The first solution is very restrictive, the second is inefficient, and the third is a C++ idiom that is unobvious to a library implementor.

Second, modules provide a mechanism to collect interface information into units smaller than a UNIX file. That is to say, multiple module interfaces can appear in a single UNIX file.

Third, modules provide the ability to compile an interface so that is it unnecessary to reparse the interface as for textual substitution. This makes compiling programs that contain even a large number of interfaces efficient. This is similar to the same way that separate compilation improves the efficiency of the development of a large program.

Priority of * and .

The raison d'etre for the -> operator in C is that the priority of operators * and . are incorrect. The priority of operator . is lower than the priority of operator *, which means *p.f executes as *(p.f) instead of (*p).f. This behaviour is counter-intuitive to all but hard-core C programmers and is different from all modern imperative programming languages. Instead of switching the priority of operators * and ., the operator -> was introduced to mean the two operators but performed with the correct priority, that is, p->f implies (*p).f.

Advantage: This change corrects a long standing design error in C and would pave the way for the eventual removal of the unnecessary operator -> from the language.

Disadvantage: This change is not backwards compatible. However, it remains to be seen how many programs use the form *p.f to mean *(p.f).
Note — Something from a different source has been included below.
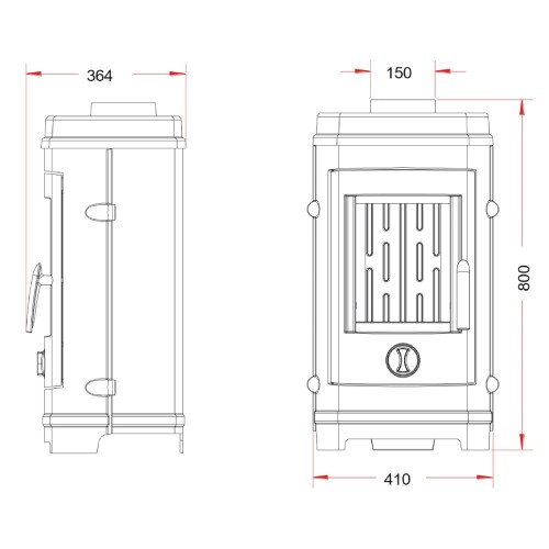 - Diamètre du raccord de la cheminée : 150 mm

Does this help with `smart' pointer?

Reference Type

A reference is a pointer that is automatically de-referenced, i.e., it is unnecessary to explicitly de-reference a reference variable to refer to the value it is pointing at.
int i;
int &r = i;	=>	int *const r = &i;
r = 2;		=>	*r = 2;
Not particularly useful in this context except to give multiple names to the same storage. The problem is that references in C++ are severely restricted. Only one level of automatic de-reference is done, and a reference variable must be initialized on declaration. Useful for call by reference so that it is unnecessary to always have to prefix the parameter with * and can use dot notion instead of -> notion.
string substr(string &s);		string substr(string *s);
   s = ... s ...		vs	    *s = ... *s ...

Assignment

No Routine Parameters

Currently, C requires a routine with no parameters to have parameter type void. Changes this to the C++ ...

Definition Before Use

C requires definition before use, which allows the compiler to make a single scan of a program, which is more efficient. However, it requires programmers to fuss with the source text in a non-productive way. In this instance, people time is more expensive than computer time. For example, there may be conflicting source code placement issues, such as placement for inlining and placement for reference to types. Let the compiler deal with this problem, when possible.